HDK Mimarlar Mühendisler ve Şehir Planlamacıları Meclisi’nden Güzin Alparslan da, “Kentsel dönüşümün” Türkiye’nin genel sorunu olduğunu vurgulayarak, “Biz buna ‘rant projesi’ diyoruz” dedi. Sur’daki yıkımla buranın demografik yapısının değiştirilmek istendiğine işaret eden Alparslan, “Orada yaşayan mevcut insanları oradan çıkararak, başka bir şeye dönüştürmek istiyorlar. Sur çok özel bir yer. Şuan bu fotoğraflardaki yapıların hiç biri yok. Tescilli eserler korunuyor. Onların da korunacağından emin değilim. Kültür varlığı, somut binalar mıdır değil?

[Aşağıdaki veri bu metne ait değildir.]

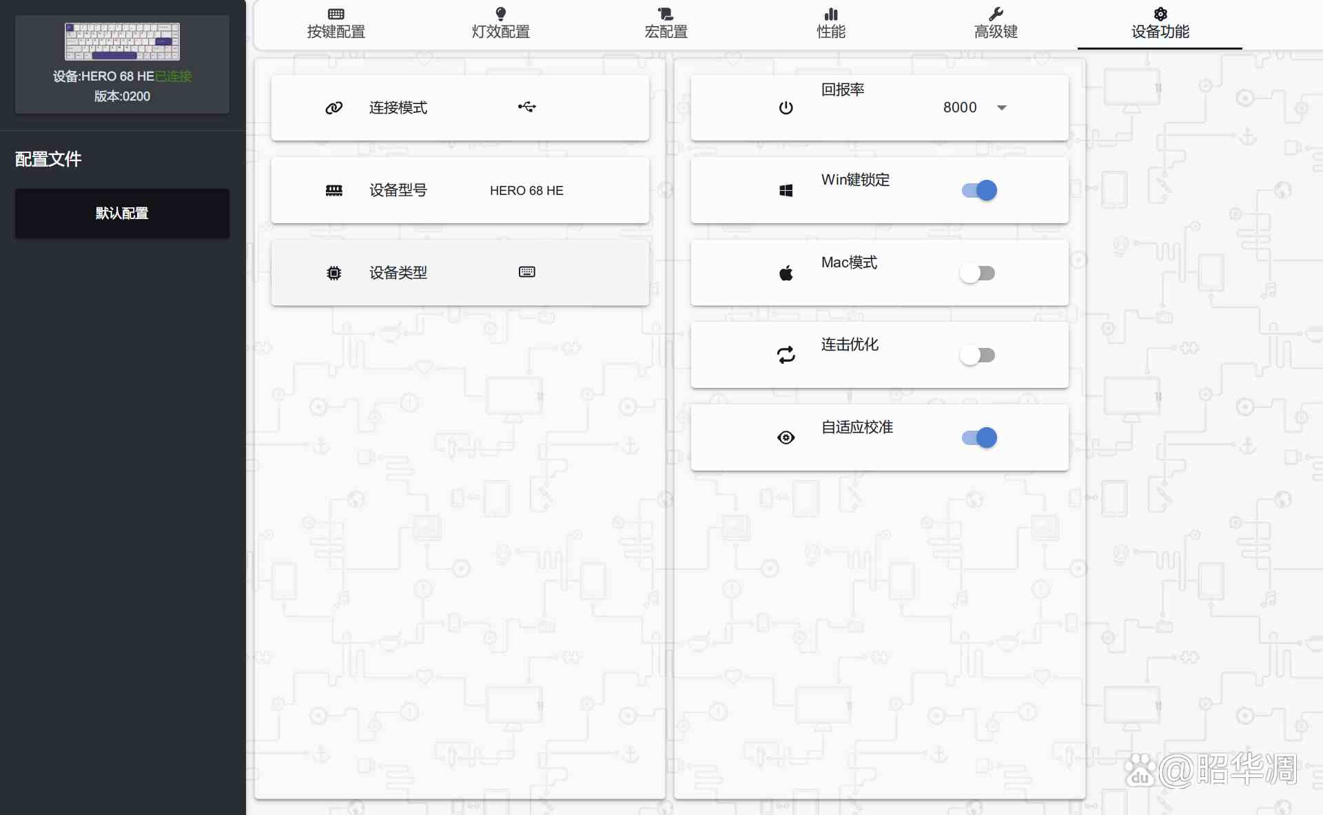 设备功能中还包含 mac 模式切换、win 键锁定、连击优化和自适应校准等功能。此外,键盘的回报率最高可达 8000hz,是普通有线键盘的 64 倍,非常适合电竞选手使用。

Orda farklı bir yaşam var, farklı bir sokak yapısı var, tüm yaşamını paylaşan insanlar var. Bunları yok etmek istiyor” dedi.

 

“Binlerce yıllık tarih yok ediliyor”

“Acil Kamulaştırma Yasası”nın savaş ve afet dönemlerinde alınan bir yasa olduğunu vurgulayan Alparslan, şöyle dedi: “Acil kamulaştırma yasası, savaş ve afet dönemlerinde alınır. Ama buradaki öyle değil. Kanuni olabilir ama hukuki değildir? İş makineleriyle yıkılan yapılar, Dicle kenarına dökülüp üzeri örtülüyor. Binlerce yıllık bir tarih, kültür gözümüzün önünde siyasi perspektifler doğrultusunda yok ediliyor. Buna nasıl engel olacağız? Bir ayağı da yurtdışı olduğunu düşünüyorum? Oradaki halka destek vererek, onların yalnız olmadığını hissettirerek, dayanışma içerisinde olmalıyız. Hayat yok edilirken, çok da zor koşullarda yaşamını sürdürüyorlar. Gidenlerinden önemli bir bölümü geri dönmek istiyorlar. Gittikleri yerler onların yaşamlarına uygun değil.

 

“DAİŞ Palmira da Türkiye Sur’da…”

HDK Yürütme Kurulu üyesi Benazir Coskun ise, DAİŞ’in antik kent olan Palmira’da yaptığı yıkıma işaret ederek, “DAİŞ orada o tarihi yapıyı parçalarken, içimizden de bir parça da kopuyordu. Sur’da da insanlığın tarihi yok ediliyor. Sur’da yapılanlar, DAİŞ’in Palmira’da yaptığından hiçbir farkı yok. Özel bir savaş projesi var. ‘Çöktürme planı’ ile birlikte 6 mahallesi dümdüz edilmiş” dedi. Sur’da komünal bir yaşamın olduğunu vurgulayan Coşkun, şöyle dedi: “Sur doğal bir yaşam alanı. Bizim açımızdan doğal bir yaşam alanıdır. Sur hepimizindir. Komünal değerleriyle 7 bin yıldır yaşayan alanın yıkılmaması bizim elimizdedir. Alipaşa ve Lalebey mahallerinde direnenler yıkım o kadar kolay olmuyor. 8 mahalle var. Sur’un yıkılmayan mahallerini yıktırmayabiliriz. Türkiye demokrasi güçleri yanı sıra vicdanlı olan herkesin görevi Sur’u yaşatmaktır” şeklinde konuştu.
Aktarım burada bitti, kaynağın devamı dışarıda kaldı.